Data supplied: Begin

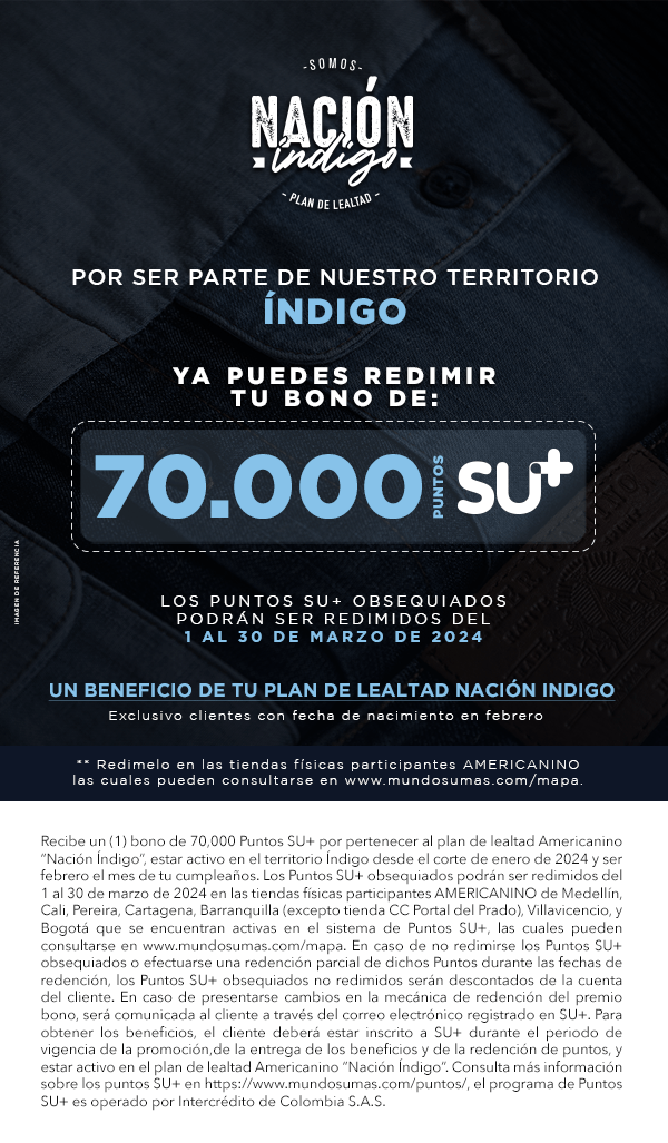 Válido del 03 de febrero al 31 de agosto de 2026. Por la compra de una prenda de cualquier referencia diferente a las referencias de la categoría "JEAN", recibe un bono de $100.000 pesos para redimir en jeans de la marca Americanino para una futura compra. Aplica exclusivamente en la tienda online americanino.com. La redención del bono aplica entre el 03 de febrero al 31 de agosto de 2026 en la tienda online americanino.com, ingresando la palabra clave enviada al correo en el carrito de compras antes de finalizar el pago. Beneficio personal e intransferible, otorgado exclusivamente a los clientes que reciban la comunicación del beneficio por correo electrónico o SMS. Válido un (1) bono por cliente durante toda la vigencia de la estrategia. El bono solo podrá ser redimido en jeans de la marca Americanino. No es acumulable con otras promociones, campañas y/o descuentos vigentes. No es redimible ni canjeable por dinero en efectivo. No aplica para la compra de bonos regalo, calzado, accesorios, gorras ni productos de marcas aliadas. En caso de cambio o garantía, se reconocerá únicamente el valor efectivamente pagado por la(s) prenda(s), conforme a la política de cambios y garantías vigente.
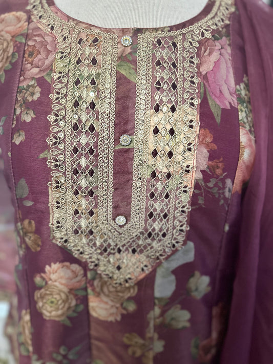 Ebony Chanderi Gown and Dupatta - 2pc Set
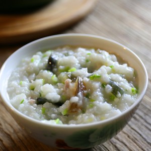 大米淘洗后浸泡,瘦肉切丝,生姜、小葱切末。
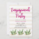 Cette invitation élégante et amusante à la fête de fiançailles mariages présente des illustrations de cactus, avec de la fausse typographie rose foncé sur un arrière - plan rayé neutre, pour un look désert glamour. Art rayé de Indie Grace Designs.
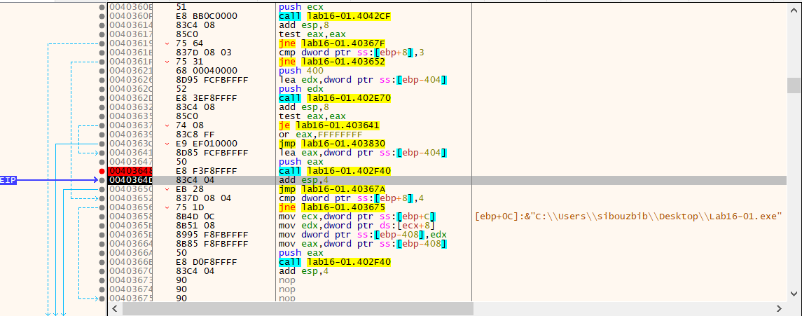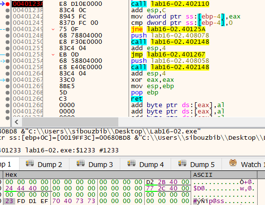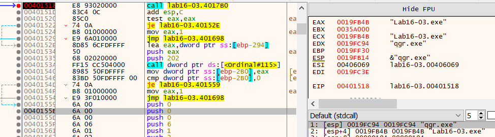 bypasses this check. Breaking on the strncmp afterward shows the correct filename should be peo.exe.
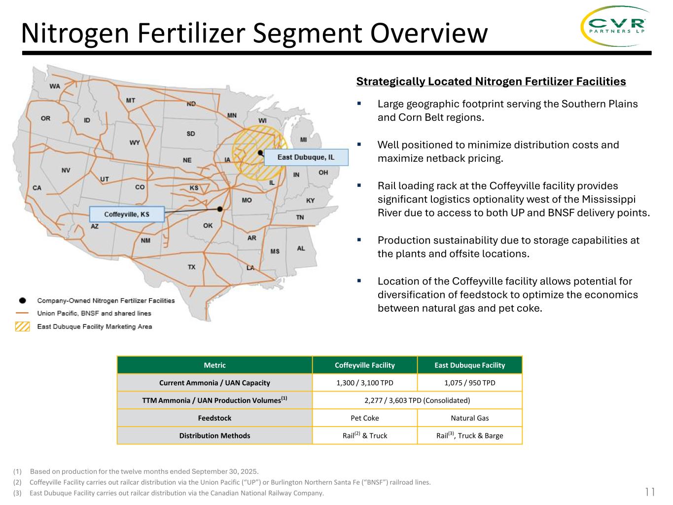 (1)基于截至2025年9月30日止十二个月的产量。(2)Coffeyville Facility通过联合太平洋(“UP”)或Burlington Northern Santa Fe(“BNSF”)铁路线进行轨道车配送。(3)东迪比克设施通过Canadian National Railway Company进行轨道车配送。氮肥板块概况11家战略布局的氮肥设施▪服务于南部平原和玉米带地区的巨大地理足迹。▪处于有利地位,可以最大限度地降低分销成本并最大限度地提高净回售定价。▪Coffeyville工厂的铁路装卸架提供了密西西比河以西的重要物流选择性,因为可以同时访问UP和BNSF交付点。▪由于工厂和异地地点的存储能力,生产可持续性。▪Coffeyville设施的位置允许原料多样化的潜力,以优化天然气和石油焦之间的经济性。Metric Coffeyville Facility East Dubuque Facility Current Ammonia/UAN capacity 1,300/3,100 TPD 1,075/950TPD TTM ammonia/UAN产量(1)2,277/3,603 TPD(consolidated)Feedstock PET焦炭天然气分配方式rail(2)& truck rail(3),truck & barge
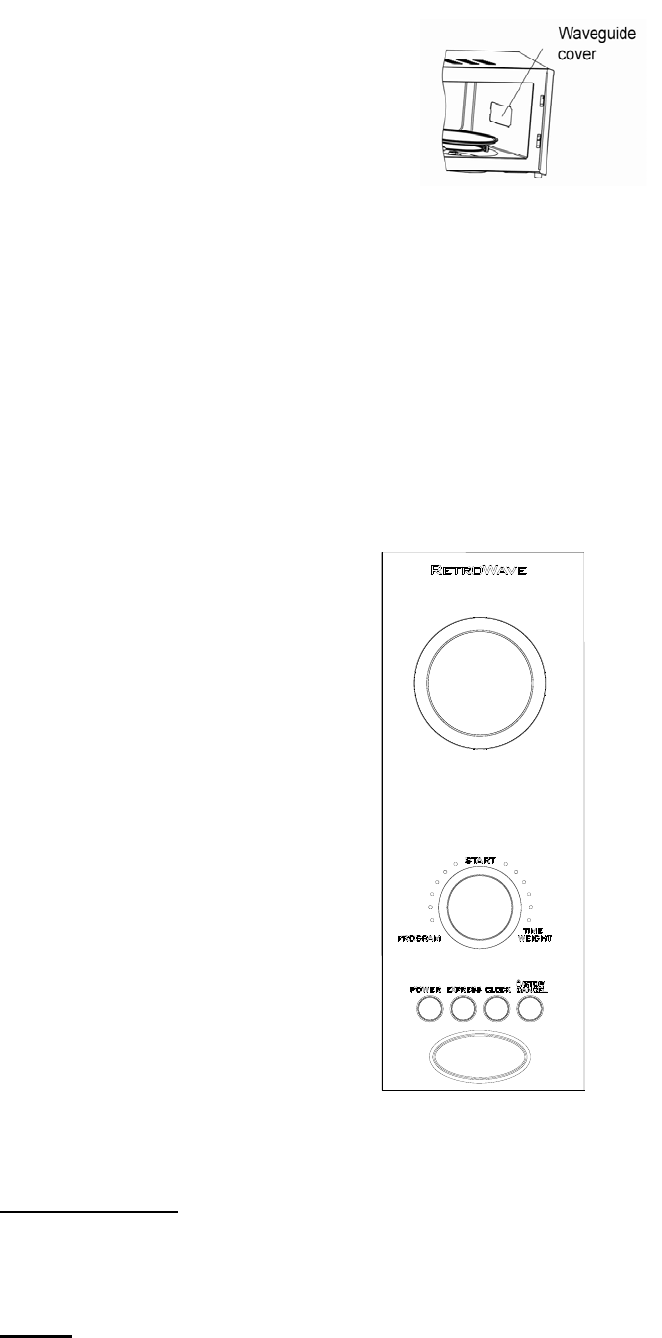 waveguide cover in the oven with a soft damp cloth to remove any food splashed. Buildup splashes may
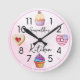 Cute Cupcake Pink Watercolor Personalized Kitchen Round Clock
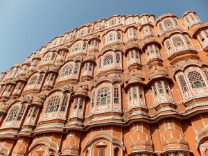 (風の宮殿 ハワー・マハル)白とピンクで出来た見事なお城 1799年 マハラジャの妻たちが町を眺めるために作った建物

Data supplied: End

# Problem statement
Nothing but the lines from the one holding "waveguide cover in" through the final line of the records above belongs in the answer, each retyped exactly; omit the pictures.

# Task response
 waveguide cover in the oven with a soft damp cloth to remove any food splashed. Buildup splashes may
 Cute Cupcake Pink Watercolor Personalized Kitchen Round Clock
 (風の宮殿 ハワー・マハル)白とピンクで出来た見事なお城 1799年 マハラジャの妻たちが町を眺めるために作った建物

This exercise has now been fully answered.